- Born: February 16, 1961 New York City, New York
- Died: August 19, 2020 (aged 59)
- Genres: Dance, house, trance
- Occupation: Club DJ
- Years active: 1978–2012
- Labels: Max Music, Ultra Records
- Website: www.davidpadillaentertainment.com

= David Padilla (DJ) =

David Padilla (February 16, 1961 – August 19, 2020) was an American disc jockey of electronic dance music, house music, progressive house, and trance music. Padilla was the resident DJ at the Warsaw Ballroom and The Mix.

Padilla is credited as a pioneer of Miami's after-hour scene.

== Early life and career ==
Padilla began experimenting with music in his early teens. He met John Benitez at a house party, who inspired him interest in becoming a disc jockey.

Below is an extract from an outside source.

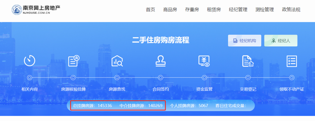 根据网上房地产的官方数据显示,截至到1月6日16时,南京全市二手房总挂牌数量为145336套,其中中介挂牌房源为140269套,个人挂牌房源为5067套。扬子晚报/紫牛新闻记者了解到,二手房市场的挂牌房源以中介挂牌为主,因此,目前140269套的中介挂牌量基本反映了南京二手房市场的库存水平。市场人士表示,这一数字在2023年“金九银十”期间曾突破18万套关口,至2024年年初仍有17万左右的待售房源。随着楼市政策逐渐宽松,市场进一步企稳,以及购房需求的持续释放,南京的二手房库存随之波动下滑,预计未来中介挂牌房源量将继续走低,跌破14万套“关口”指日可待。

Padilla was an early regular at David Mancuso's The Loft where he met Larry Levan, Frankie Knuckles, David Morales, among other notable DJs. Brad LeBeau, a disc jockey at Xenon Club, called Padilla and offered him a job there.

== Miami Beach ==
In 1989 Padilla moved to what was later known as South Beach in Miami, Florida, where he was offered the resident DJ spot at the Warsaw Ballroom, where he began gaining more recognition. Padilla worked at the Warsaw while celebrities such as Madonna, Gianni Versace and Donatella Versace attended. The club closed on Friday 25 May 2002.

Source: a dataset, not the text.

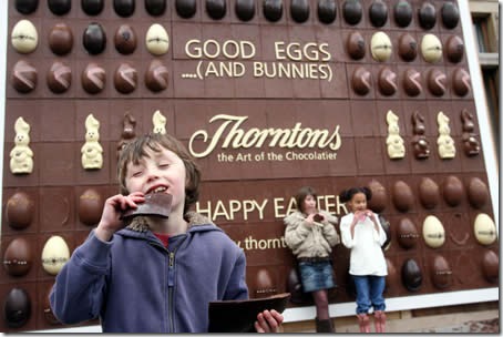 Feito com 128 placas de chocolate, 72 ovos gigantes e 10 coelhos de chocolate este foi o primeiro outdoor completamente comestível do mundo. Ele pesava 390 quilos e foram necessárias apenas 3 horas para que ele fosse completamente consumido pelos clientes da empresa.

His CDs “The Mix Afterhours” a 2-disc set was released on June 1, 1999, on the Max Music & Entertainment label; according to Max Music head Rama Barwick, it was their best-selling release. Padilla's “The South Beach Experience” on the Ultra Records label was released on October 3, 2000.

== Later life ==

During the first week of December in 2012 Padilla suffered three successive strokes leaving him partially paralyzed.